**THE TASK:** No pictures go into the copy. Write out exactly the lines below from the one containing "volvimos más baratos." through the one containing "和铂医药-B(02142)早".

**INPUT DATA:**
------

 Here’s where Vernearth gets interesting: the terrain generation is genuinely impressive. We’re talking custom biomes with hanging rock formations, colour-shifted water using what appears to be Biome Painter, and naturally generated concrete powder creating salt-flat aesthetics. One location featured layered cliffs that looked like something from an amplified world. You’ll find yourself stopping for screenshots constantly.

------

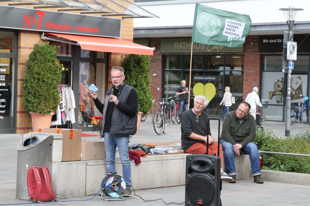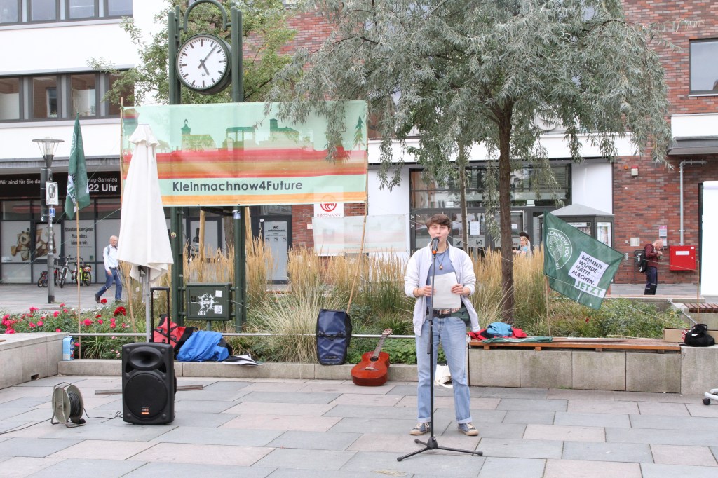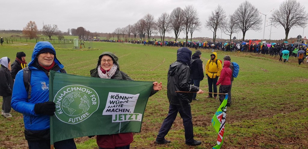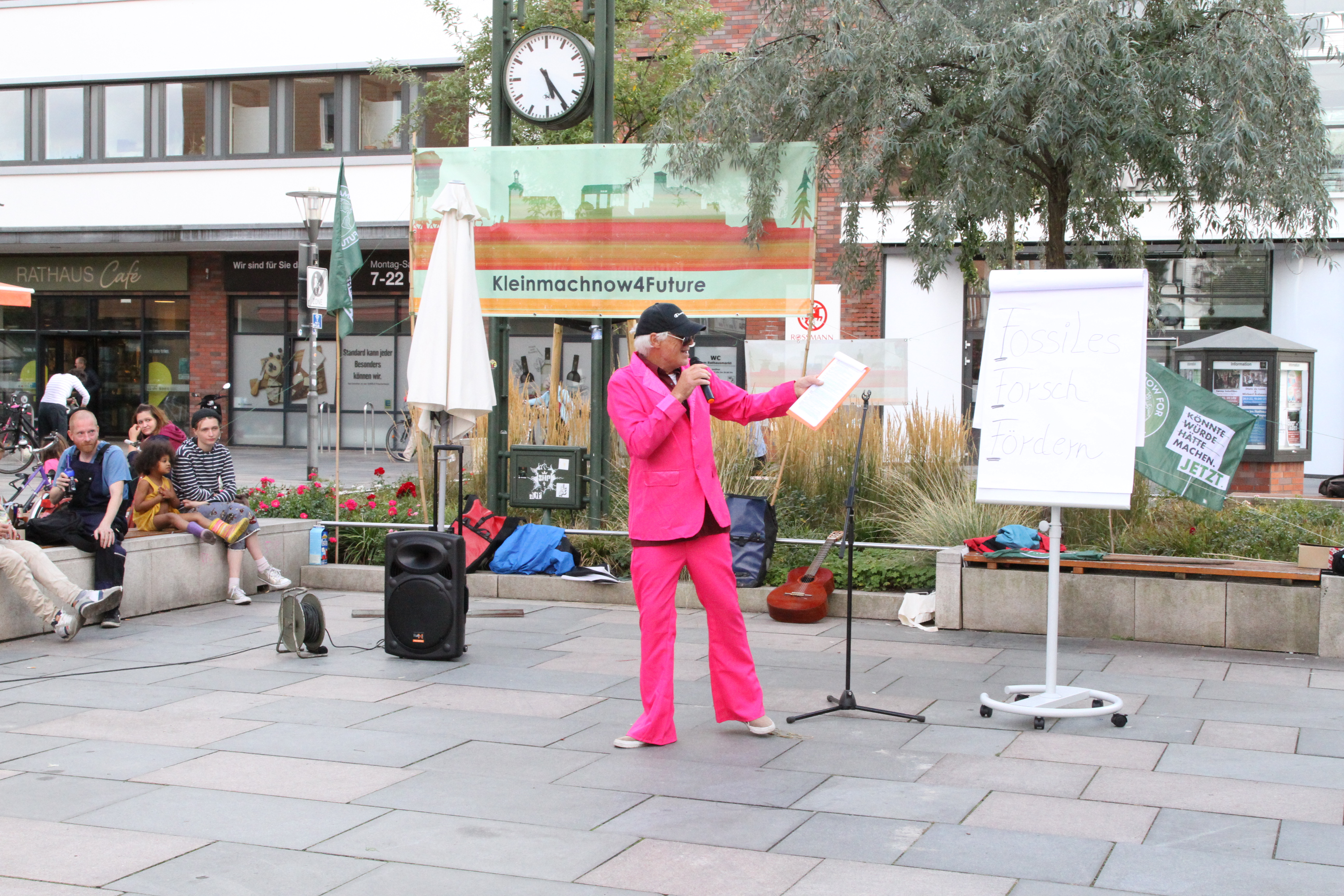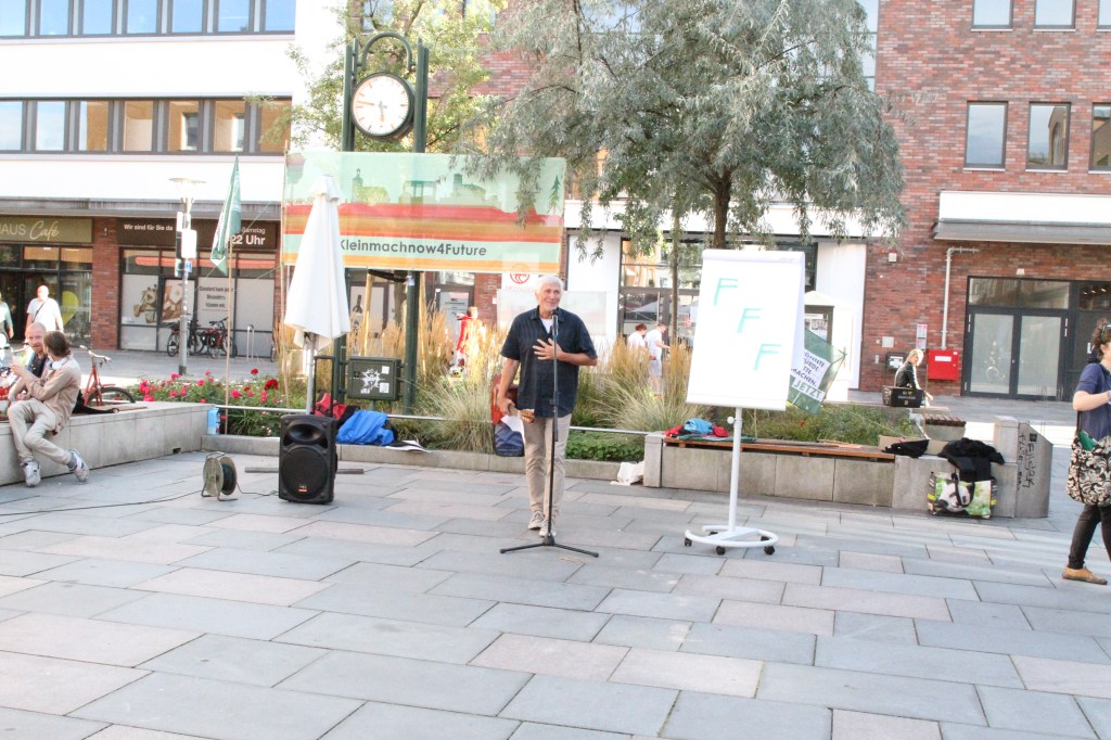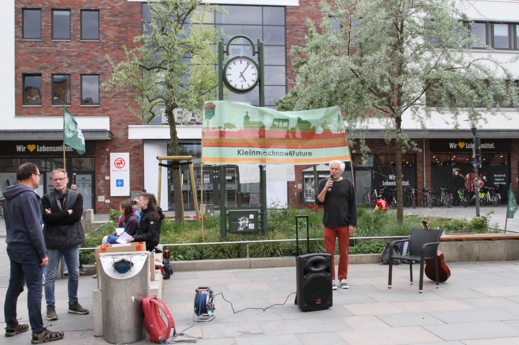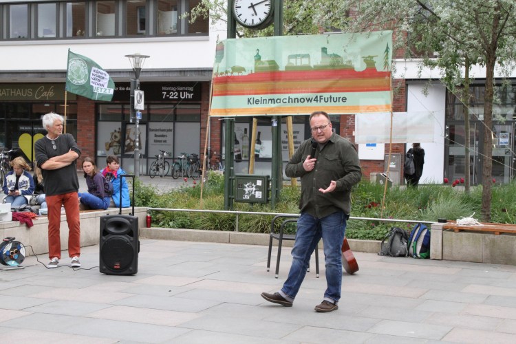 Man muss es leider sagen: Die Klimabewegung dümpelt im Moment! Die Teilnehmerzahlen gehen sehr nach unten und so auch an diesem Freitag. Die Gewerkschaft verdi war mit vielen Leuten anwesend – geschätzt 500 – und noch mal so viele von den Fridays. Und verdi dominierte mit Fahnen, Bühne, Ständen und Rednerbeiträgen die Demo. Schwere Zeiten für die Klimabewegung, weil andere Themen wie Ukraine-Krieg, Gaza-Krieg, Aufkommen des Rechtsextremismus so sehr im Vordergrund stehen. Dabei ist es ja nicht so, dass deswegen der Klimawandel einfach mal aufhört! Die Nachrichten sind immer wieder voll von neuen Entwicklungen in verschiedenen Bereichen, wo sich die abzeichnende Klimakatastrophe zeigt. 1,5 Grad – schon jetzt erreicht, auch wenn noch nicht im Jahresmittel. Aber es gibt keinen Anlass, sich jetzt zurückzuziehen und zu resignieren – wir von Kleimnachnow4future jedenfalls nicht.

------

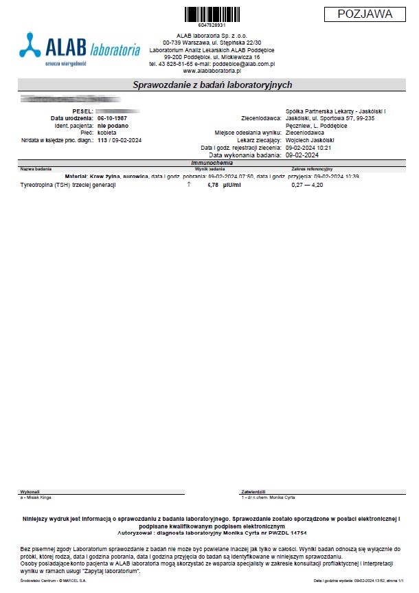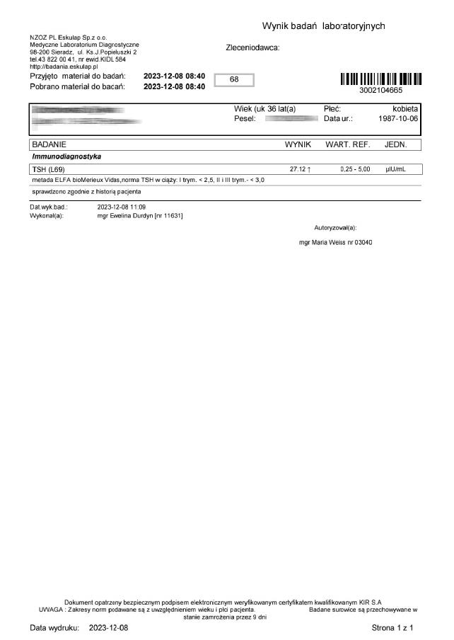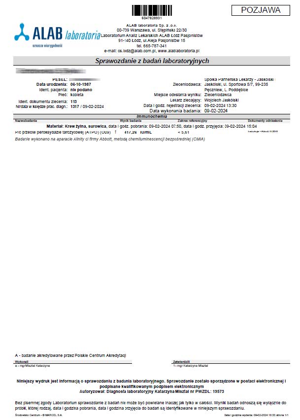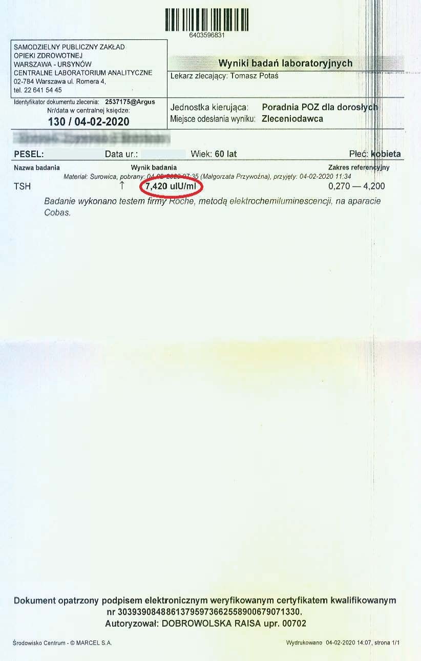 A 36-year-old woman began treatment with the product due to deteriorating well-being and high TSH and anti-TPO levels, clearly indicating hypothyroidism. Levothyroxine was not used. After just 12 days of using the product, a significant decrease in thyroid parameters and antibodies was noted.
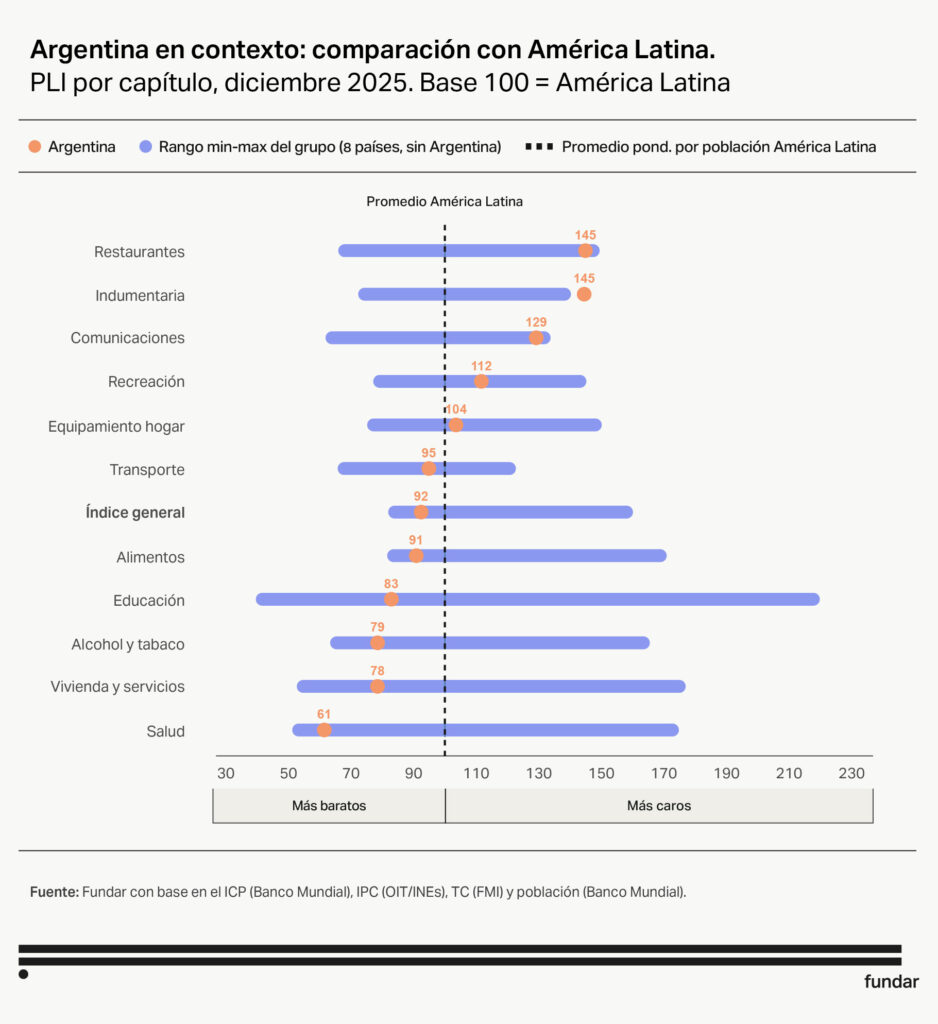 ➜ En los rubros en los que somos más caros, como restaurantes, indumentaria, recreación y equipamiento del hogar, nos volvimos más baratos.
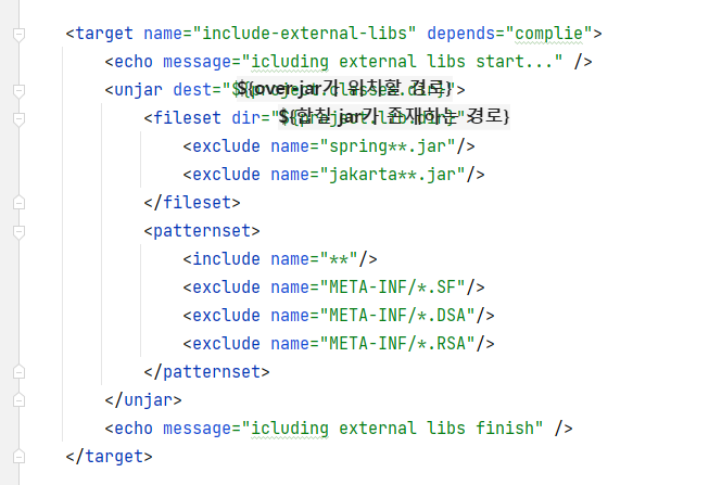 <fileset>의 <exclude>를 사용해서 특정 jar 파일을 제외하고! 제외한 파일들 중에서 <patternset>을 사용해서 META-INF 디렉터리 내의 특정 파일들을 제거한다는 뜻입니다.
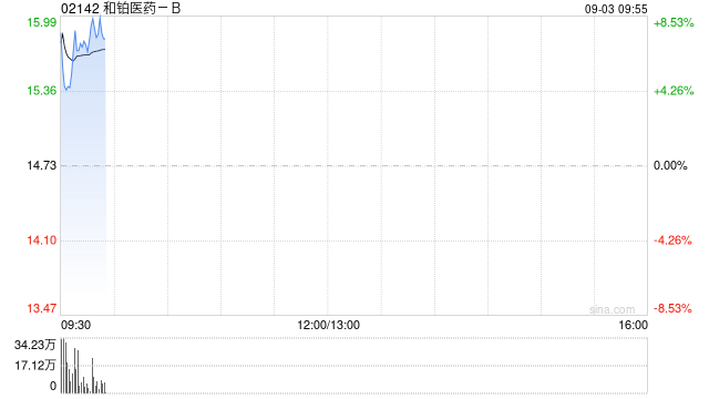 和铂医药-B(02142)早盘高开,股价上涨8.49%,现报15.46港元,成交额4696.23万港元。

------

**WRITTEN RESPONSE:**
 ➜ En los rubros en los que somos más caros, como restaurantes, indumentaria, recreación y equipamiento del hogar, nos volvimos más baratos.
 <fileset>의 <exclude>를 사용해서 특정 jar 파일을 제외하고! 제외한 파일들 중에서 <patternset>을 사용해서 META-INF 디렉터리 내의 특정 파일들을 제거한다는 뜻입니다.
 和铂医药-B(02142)早盘高开,股价上涨8.49%,现报15.46港元,成交额4696.23万港元。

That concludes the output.